I'm working on an Android application (in Java, obviously) and I recently updated my UDP reader code. In both versions, I set up some buffers and receive a UDP packet:

byte[] buf = new byte[10000];
short[] soundData = new short[1000];
DatagramPacket packet = new DatagramPacket (buf, buf.length);
socket.receive (packet);

In the initial version, I put the data back together one byte at a time (it's actually 16 PCM audio data):

for (int i = 0; i < count; i++)
    soundData[i] = (short) (((buf[k++]&0xff) << 8) + (buf[k++]&0xff));

In the updated version, I used some cool Java tools I didn't know about when I started:

bBuffer  = ByteBuffer.wrap (buf);
sBuffer  = bBuffer.asShortBuffer();
sBuffer.get (soundData, 0, count);

In both cases, "count" is being populated correctly (I checked). However, there appear to be new problems with my streaming audio -- perhaps it isn't being handled fast enough -- which doesn't make any sense to me. Obviously, the buffer code is compiling into a lot more than three statements of JVM code, but it sure seemed like a reasonable assumption when I start this that the 2nd version would be faster than the 1st.

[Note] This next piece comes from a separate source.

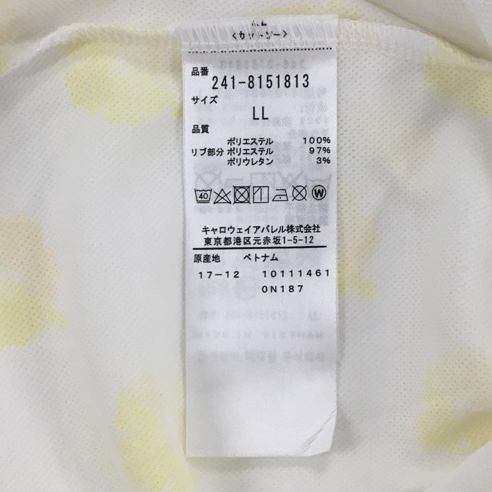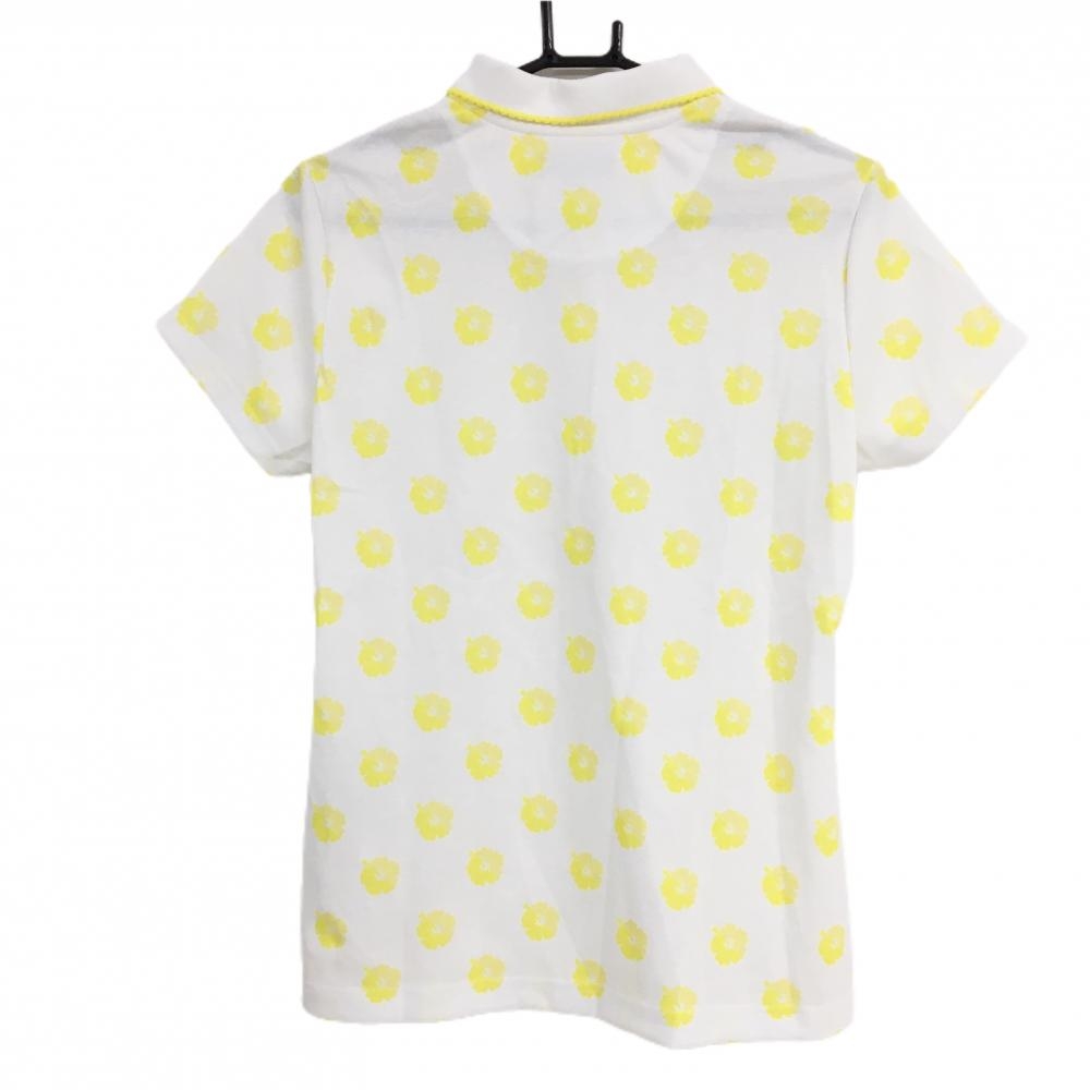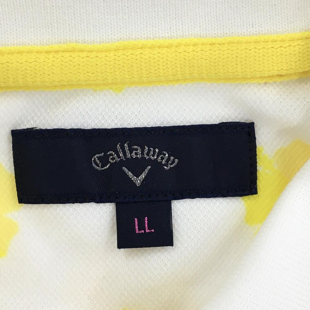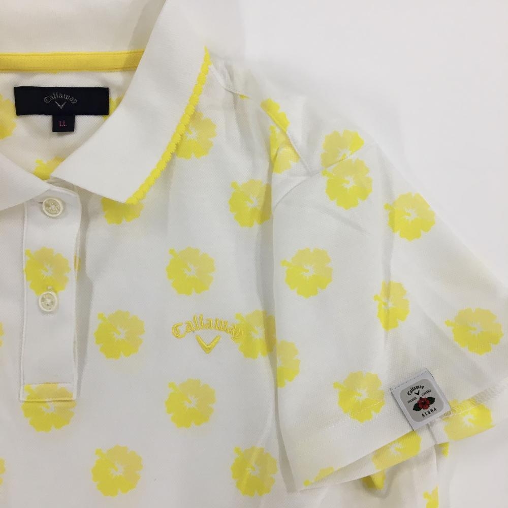 【超美品】キャロウェイ 半袖ポロシャツ 白×イエロー ハイビスカス柄 ロゴ刺しゅう レディース LL ゴルフウェア Callaway

Patently, I'm not insisting that my code HAS to use Java NIO buffers, but at first glance at least, it DOES seem like a mo' betta' to go about this.

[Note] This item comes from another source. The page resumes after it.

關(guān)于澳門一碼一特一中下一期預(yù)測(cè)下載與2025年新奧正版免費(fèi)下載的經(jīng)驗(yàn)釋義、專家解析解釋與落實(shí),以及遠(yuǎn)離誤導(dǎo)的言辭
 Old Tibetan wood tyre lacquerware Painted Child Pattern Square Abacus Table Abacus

Anybody got any recommendations for a fast, simple Java UDP reader and whether there is a generally accepted "best way"??

Thanks, R.

NIO isn't intended to be faster than "normal" IO, its just more scalable. — skaffman, Oct 27 '10 at 21:30
`stole the syntax` Lol are you serious? Google stole java syntax as much as an author steels the English syntax — Falmarri, Oct 27 '10 at 22:39
@Tim Bender what does that have to do with the question? There might be differences between the Dalvik vm vs. standard jvm, but in general if things are slow in the jvm they are likely to also be slow on Android. Do you have some knowledge of a difference that might affect this particular case? — Cheryl Simon, Oct 27 '10 at 22:40
@Mayra, the library itself is completely different. Android library implementations != Sun library implementations. Also, Java-Like code compiled for Android is not compiled down to Java bytecode but instead compiled down to Dalvik. The point? This question was originally tagged "Java" when it in fact should be tagged "android". Since Rich is an android developer and not a Java developer he should at least know how to properly tag his questions :) — Tim Bender, Oct 27 '10 at 23:53
@Falmarri, your analogy doesn't hold. Authors don't completely redefine the meaning of all words in the English language and then insist that others write novels using the proper definitions and expect the alternate translation to remain as elegant. — Tim Bender, Oct 27 '10 at 23:55
Authors sure as hell redefine the meanings of words. And google isn't insisting anything. If you want to write for android, use their api. Or not, you can write in C++. Or compile a python interpreter. It's open source. As for your response to @Mayra, [android] tagged questions are very legitimately also tagged [java]. Are people using the openJDK implementations not allowed to tag their questions [java] either? You clearly must work for Sun/Oracle to be trolling this hard. — Falmarri, Oct 28 '10 at 00:50

score 4 · Answer 1 · answered May 11 '12 at 08:28

Your code would be more efficient if instead of reading a packet into a byte array (copying the data from a native buffer into the array) and then wrapping it in a new ByteBuffer (creating a new object) and converting to a ShortBuffer (creating a new object) you set up your objects only once and avoided the copy.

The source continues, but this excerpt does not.